The derivative is continuous everywhere; that means that it cannot change signs without going through $0$, by the Intermediate Value Theorem. Since the only places where the derivative is zero are at $x=-1$, $x=0$, and $x=1$, that means that those are the only places where the derivative could, possibly, change signs.
Why do we care about where the derivative could change signs? Because the sign of the derivative tells you whether the original function is increasing or decreasing.

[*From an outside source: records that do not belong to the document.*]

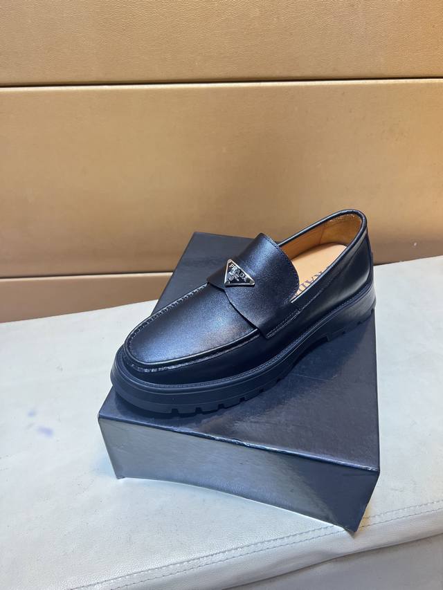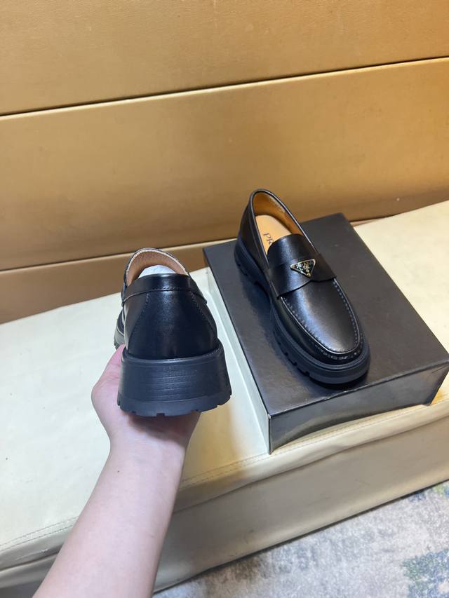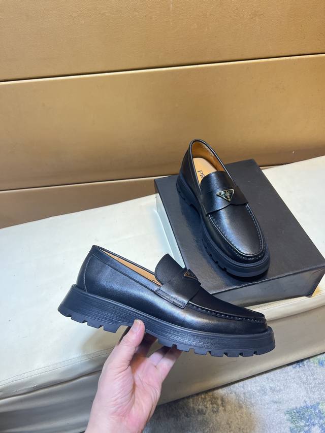 prada 普拉达 -高端品质 原单 -鞋面:原版纳帕小牛皮、鞋身车缝品牌塑胶logo -内里:水染牛皮 -大底:原版tpu橡胶发泡;成型大底...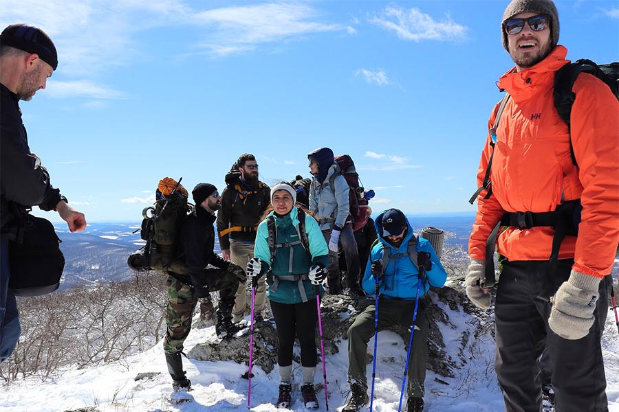 UCONN EM residency first Wilderness Medicine Backpacking Weekend climbing Mt Alander in Mt Washington State Park, Massachusetts in late March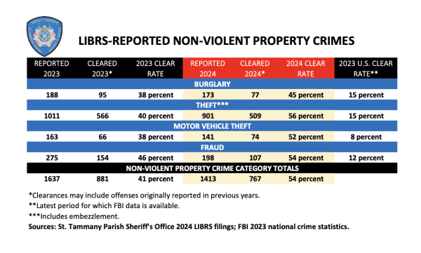 Overall, the number of violent crimes reported in unincorporated St. Tammany Parish dropped slightly, with a total of 2,562 violent crimes reported in 2024 compared to 2,786 reported in 2023. However, the total for the nationally reported categories for violent crimes remained the same at 1,149. The number of assaults reported decreased over the previous year and the number of sex offenses increased while the number of murders and robberies stayed the same. The clearance rate for those same nationally reported crime categories – murder/ manslaughter, sex offenses, robbery and assault – was 93 percent, more than twice the national average of only 41 percent.

So... what is the sign on the derivative on $(-\infty,-1)$? Plugging in $x=-2$ you get a positive number. Since it cannot change signs on this interval, the derivative must be positive on all of $(-\infty,-1)$. That tells you that the original function, $f(x)$, is increasing on the interval $(-\infty,-1]$ (you get to include $-1$ as well).
To see what happens next, you should determine whether $f'(x)$ is positive or negative on $(-1,0)$; on $(0,1)$, and on $(1,\infty)$. This can be done by either using a "test point", or analyzing the derivative. For example, considering $(-1,0)$. Since $f'(x) =-4x(x^2-1)= -4x(x-1)(x+1)$, if we plug in a negative number for $x$ then $-4x$ will be positive. Because $x$ is between $-1$ and $0$, $x+1$ will be positive. And since $x$ is already negative, $x-1$ will be negative as well. So $f'(x) = -4x(x-1)(x+1)$ will be a product of two positive numbers and a negative number, so $f'(x)$ is negative on $(-1,0)$. That means that $f(x)$ is decreasing on $[-1,0]$.
Now do the same for the remaining intervals of constant sign for the derivative.